# Assignment:
Would you copy exactly the lines in the data below from the one that has "开始扫描漏洞,再次证实靶机存在MS17-010漏洞。" through the one that has "к коралловым рифам.", dropping any pictures?

# Records provided:
--------------------------------
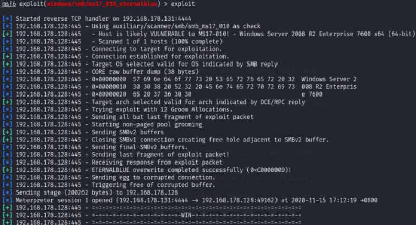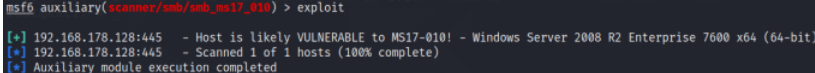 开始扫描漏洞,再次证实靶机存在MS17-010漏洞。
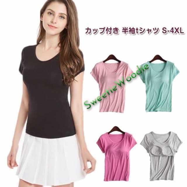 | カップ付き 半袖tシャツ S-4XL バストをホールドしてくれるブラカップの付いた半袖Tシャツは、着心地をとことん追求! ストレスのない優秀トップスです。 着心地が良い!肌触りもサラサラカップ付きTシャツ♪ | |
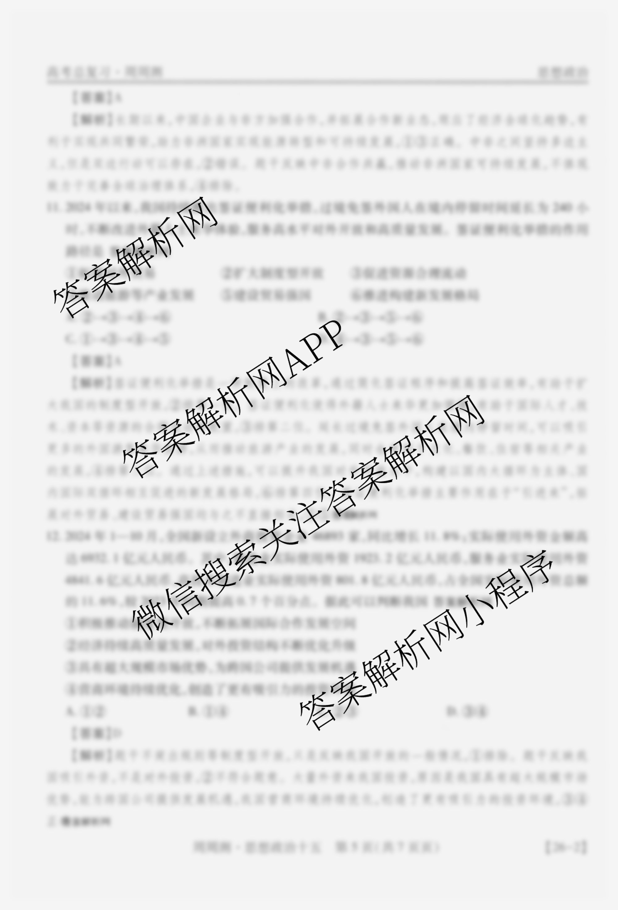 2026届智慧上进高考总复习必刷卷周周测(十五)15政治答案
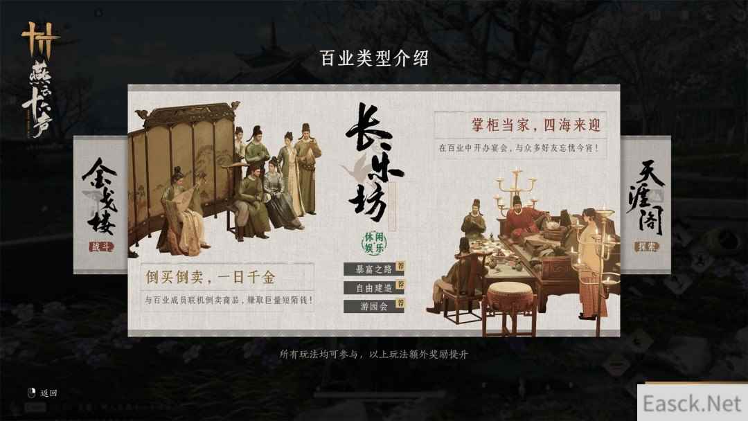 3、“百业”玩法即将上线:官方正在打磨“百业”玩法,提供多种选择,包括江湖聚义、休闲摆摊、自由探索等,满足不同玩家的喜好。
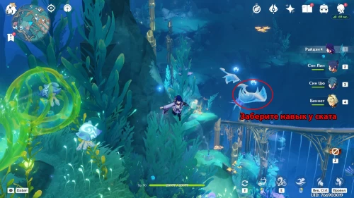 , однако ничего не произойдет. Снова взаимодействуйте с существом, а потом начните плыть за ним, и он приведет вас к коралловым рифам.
--------------------------------
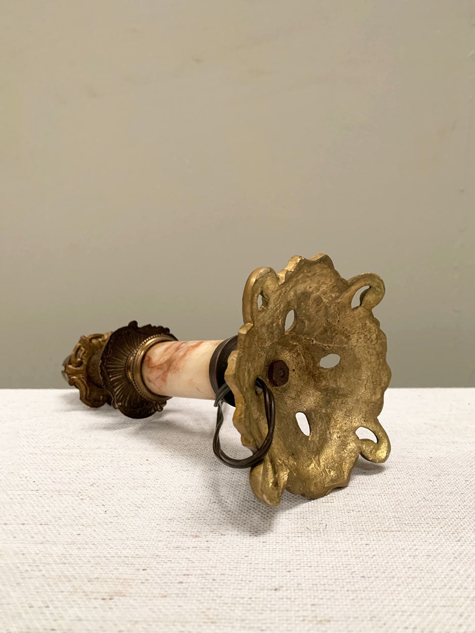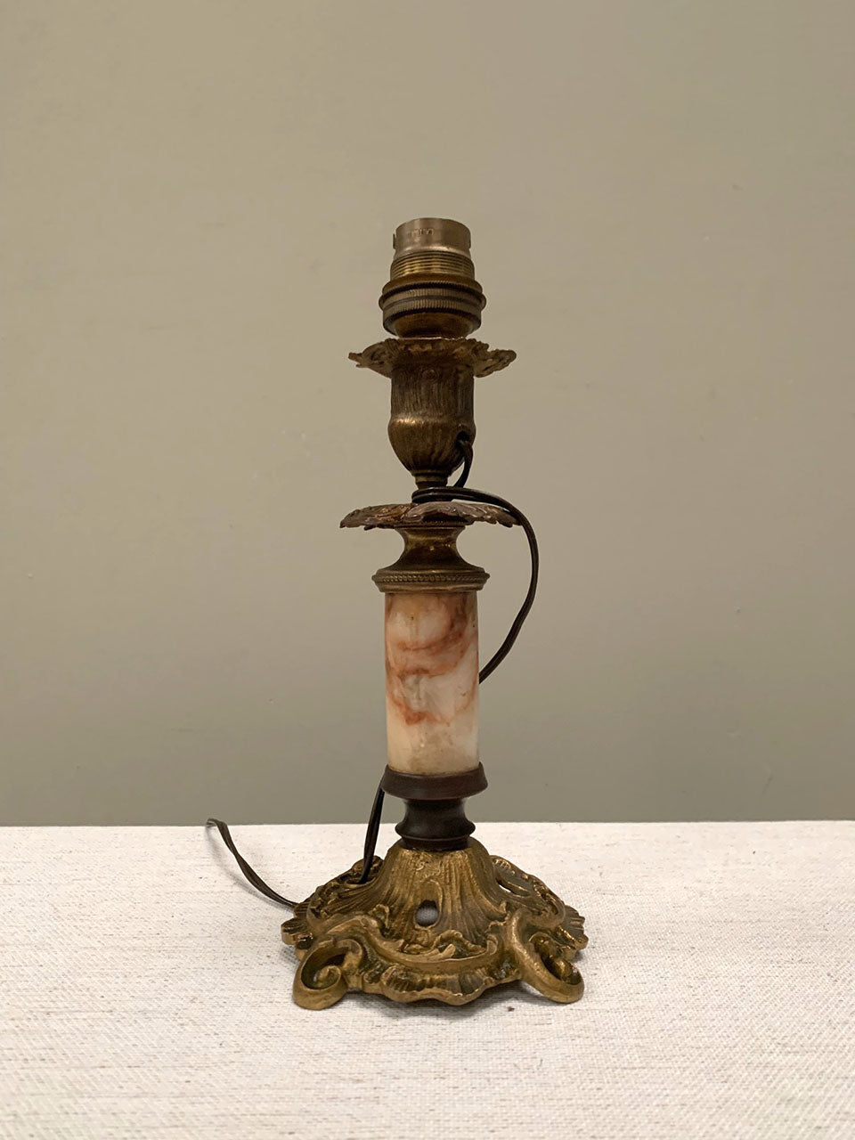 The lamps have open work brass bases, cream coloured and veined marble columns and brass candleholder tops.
--------------------------------
# Task result:
 开始扫描漏洞,再次证实靶机存在MS17-010漏洞。
 | カップ付き 半袖tシャツ S-4XL バストをホールドしてくれるブラカップの付いた半袖Tシャツは、着心地をとことん追求! ストレスのない優秀トップスです。 着心地が良い!肌触りもサラサラカップ付きTシャツ♪ | |
 2026届智慧上进高考总复习必刷卷周周测(十五)15政治答案
 3、“百业”玩法即将上线:官方正在打磨“百业”玩法,提供多种选择,包括江湖聚义、休闲摆摊、自由探索等,满足不同玩家的喜好。
 , однако ничего не произойдет. Снова взаимодействуйте с существом, а потом начните плыть за ним, и он приведет вас к коралловым рифам.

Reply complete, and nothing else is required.